• [DIRECTIONS]:
From the first line to the last, reproduce the records below exactly, omitting any picture.

• [DATASET RECORDS]:
* * *

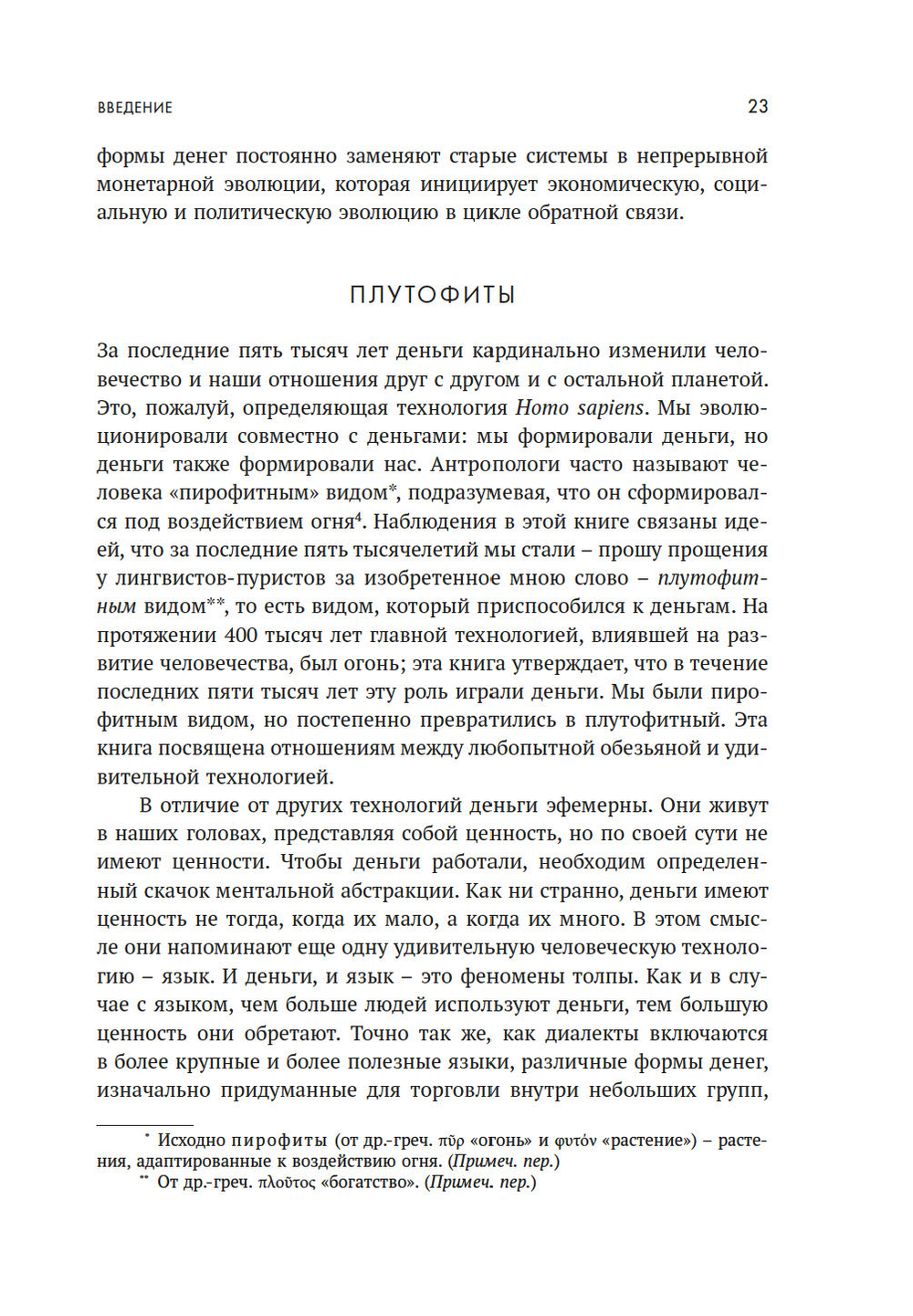 Деньги неразрывно связаны с каждой сферой нашей деятельности от политики до искусства. Греческая культура распространилась по Средиземноморью благодаря серебряным тетрадрахмам, а Римская империя захватила мир за счет кредита. Итальянское Возрождение началось с легкой руки флорентийских банкиров, а самое позорное европейское наследие, колониализм, стало возможным из-за появления акционерных обществ. История денег – это история самого любопытного, изобретательного и опасного вида животных на земле. Наша история.
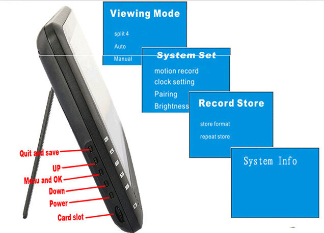 Se você compra 2 câmeras com o monitor como um grupo, às vezes você quer adicionar a câmera extra ao sistema, seja certo comprar a mesma câmera da mesma fábrica, se não não trabalhará. Leia o manual do usuário antes da operação para “emparelhar-se”, quando obtem no menu do emparelhamento, imprensa “que emparelha-se” na tela, entrementes pressione o botão no conector da câmera, você pode ver o vídeo da câmera imediatamente.
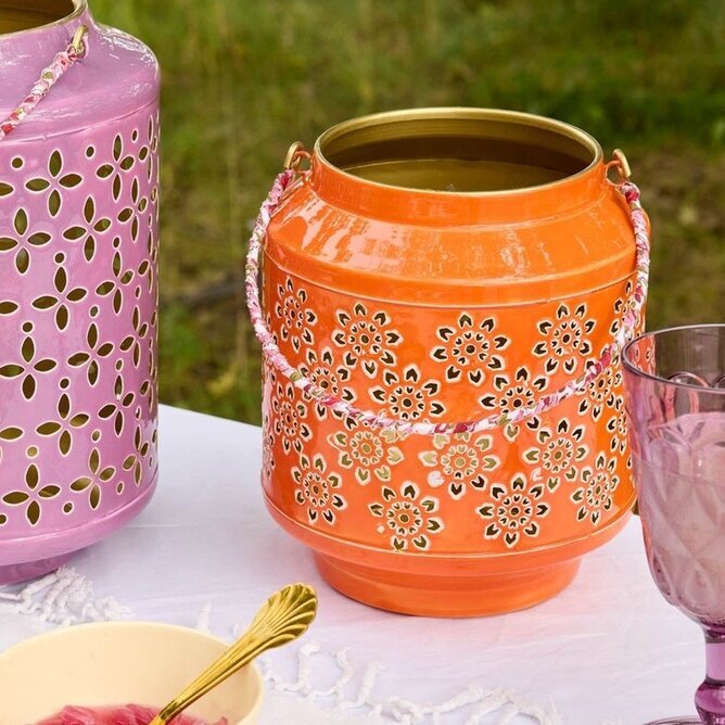 Runt lanternans mittparti löper ett perforerat blommönster med små utskurna former. Genom hålen syns mörkare skuggor, vilket gör att mönstret får tydlig kontrast mot den orange bakgrunden. På sidorna sitter två fästen där ett bärhandtag är upphängt. Handtaget ser ut att vara klätt i tvinnat material i rosa och vita nyanser, och det bildar en mjuk båge upp längs kanten.
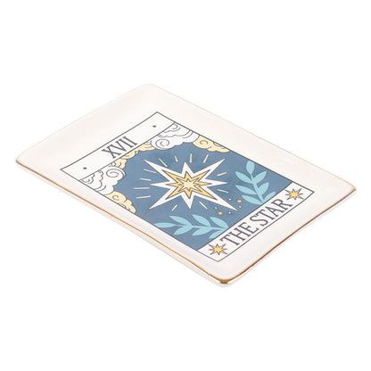 This tarot-inspired trinket dish is perfect for holding jewellery, keys, and small treasures. Featuring an elegant The Star design with gold edging, this dish will add a touch of mysticism to any desk, vanity or side table. Part of the Vintage Tarot collection of mystical gifts and home decor.
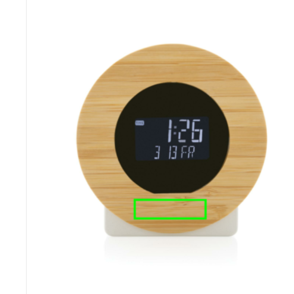 Lauakell valmistatud RCS (Recycled Claim Standard) sertifitseeritud taaskasutatud ABS-ist ja FSC® 100% bambusest. Taaskasutatud kogusisaldus: 66% kauba kogukaalust. RCS-sertifikaat tagab taaskasutatud materjalide täielikult sertifitseeritud tarneahela. LCD ekraaniga. Funktsioonid: Kell ja äratuskell. Kaasa arvatud 100 cm C-tüüpi kaabel, mis on valmistatud RCS-sertifikaadiga taaskasutatud TPE-st. Pakitud FSC® mix kraft karpi.

* * *

• [EXERCISE ANSWER]:
 Деньги неразрывно связаны с каждой сферой нашей деятельности от политики до искусства. Греческая культура распространилась по Средиземноморью благодаря серебряным тетрадрахмам, а Римская империя захватила мир за счет кредита. Итальянское Возрождение началось с легкой руки флорентийских банкиров, а самое позорное европейское наследие, колониализм, стало возможным из-за появления акционерных обществ. История денег – это история самого любопытного, изобретательного и опасного вида животных на земле. Наша история.
 Se você compra 2 câmeras com o monitor como um grupo, às vezes você quer adicionar a câmera extra ao sistema, seja certo comprar a mesma câmera da mesma fábrica, se não não trabalhará. Leia o manual do usuário antes da operação para “emparelhar-se”, quando obtem no menu do emparelhamento, imprensa “que emparelha-se” na tela, entrementes pressione o botão no conector da câmera, você pode ver o vídeo da câmera imediatamente.
 Runt lanternans mittparti löper ett perforerat blommönster med små utskurna former. Genom hålen syns mörkare skuggor, vilket gör att mönstret får tydlig kontrast mot den orange bakgrunden. På sidorna sitter två fästen där ett bärhandtag är upphängt. Handtaget ser ut att vara klätt i tvinnat material i rosa och vita nyanser, och det bildar en mjuk båge upp längs kanten.
 This tarot-inspired trinket dish is perfect for holding jewellery, keys, and small treasures. Featuring an elegant The Star design with gold edging, this dish will add a touch of mysticism to any desk, vanity or side table. Part of the Vintage Tarot collection of mystical gifts and home decor.
 Lauakell valmistatud RCS (Recycled Claim Standard) sertifitseeritud taaskasutatud ABS-ist ja FSC® 100% bambusest. Taaskasutatud kogusisaldus: 66% kauba kogukaalust. RCS-sertifikaat tagab taaskasutatud materjalide täielikult sertifitseeritud tarneahela. LCD ekraaniga. Funktsioonid: Kell ja äratuskell. Kaasa arvatud 100 cm C-tüüpi kaabel, mis on valmistatud RCS-sertifikaadiga taaskasutatud TPE-st. Pakitud FSC® mix kraft karpi.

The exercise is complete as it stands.